Berdasarkan pasal 43 Ayat 1 Undang-Undang Nomor 1 Tahun 1974 tentang Perkawinan (UU Perkawinan) bahwa Anak yang lahir dari luar perkawinan selama ini hanya memiliki hubungan perdata kepada ibu dan keluarga ibu.
Pada Jumat, 17 Februari 2012, MK mengeluarkan putusan uji materi atas Pasal 43 Ayat 1 UU
No 1/1974 tentang Perkawinan yang diajukan pemohon Machica Mochtar,
istri siri (alm) Moerdiono. Dalam putusan MK Nomor 46/PUU/VIII/2010 menyatakan, Pasal 43
Ayat 1 UU No 1/1974 yang menyebutkan, anak di luar nikah hanya memiliki
hubungan perdata dengan ibunya dan keluarga ibunya bertentangan dengan
UUD 1945 dan HAM.
Berikut ini pertimbangan Majelis Hakim Mahkamah Konstisi :
[3.13] Menimbang bahwa pokok permasalahan hukum
mengenai anak yang dilahirkan di luar perkawinan adalah mengenai makna hukum
(legal meaning) frasa “yang dilahirkan di luar perkawinan”. Untuk memperoleh
jawaban dalam perspektif yang lebih luas perlu dijawab pula permasalahan
terkait, yaitu permasalahan tentang sahnya anak.

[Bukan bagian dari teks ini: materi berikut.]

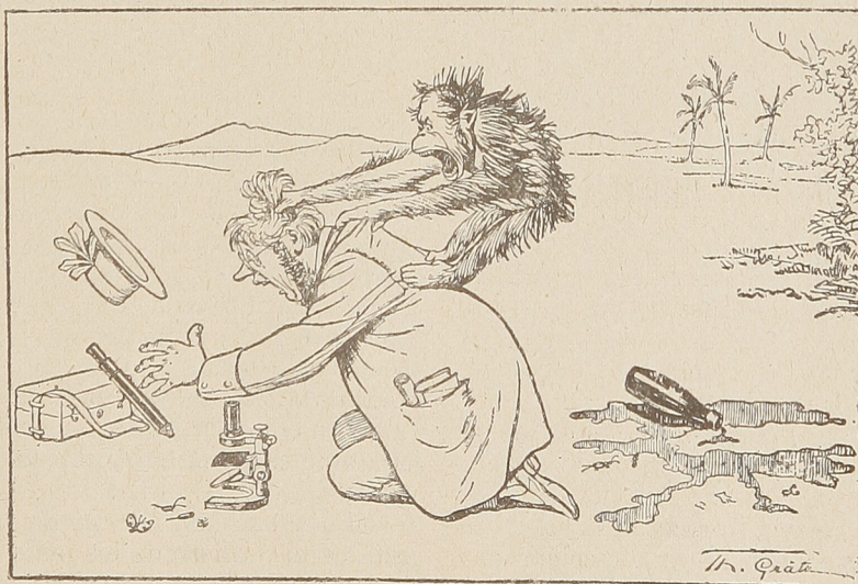
3.—El mono—¡Toma! aprende a burlarte de la jente seria!

Secara alamiah, tidaklah mungkin
seorang perempuan hamil tanpa terjadinya pertemuan antara ovum dan spermatozoa
baik melalui hubungan seksual (coitus) maupun melalui cara lain berdasarkan
perkembangan teknologi yang menyebabkan terjadinya pembuahan. Oleh karena itu,
tidak tepat dan tidak adil manakala hukum menetapkan bahwa anak yang lahir dari
suatu kehamilan karena hubungan seksual di luar perkawinan hanya memiliki
hubungan dengan perempuan tersebut sebagai ibunya. Adalah tidak tepat dan tidak
adil pula jika hukum membebaskan laki-laki yang melakukan hubungan seksual yang
menyebabkan terjadinya kehamilan dan kelahiran anak tersebut dari tanggung
jawabnya sebagai seorang bapak dan bersamaan dengan itu hukum meniadakan
hak-hak anak terhadap lelaki tersebut sebagai bapaknya. Lebih-lebih manakala
berdasarkan perkembangan teknologi yang ada memungkinkan dapat dibuktikan bahwa
seorang anak itu merupakan anak dari laki-laki tertentu.
Akibat hukum dari peristiwa hukum
kelahiran karena kehamilan, yang didahului dengan hubungan seksual antara
seorang perempuan dengan seorang laki-laki, adalah hubungan hukum yang di
dalamnya terdapat hak dan kewajiban secara bertimbal balik, yang subjek
hukumnya meliputi anak, ibu, dan bapak.
Berdasarkan uraian di atas,
hubungan anak dengan seorang laki-laki sebagai bapak tidak semata-mata karena
adanya ikatan perkawinan, akan tetapi dapat juga didasarkan pada pembuktian
adanya hubungan darah antara anak dengan laki-laki tersebut sebagai bapak.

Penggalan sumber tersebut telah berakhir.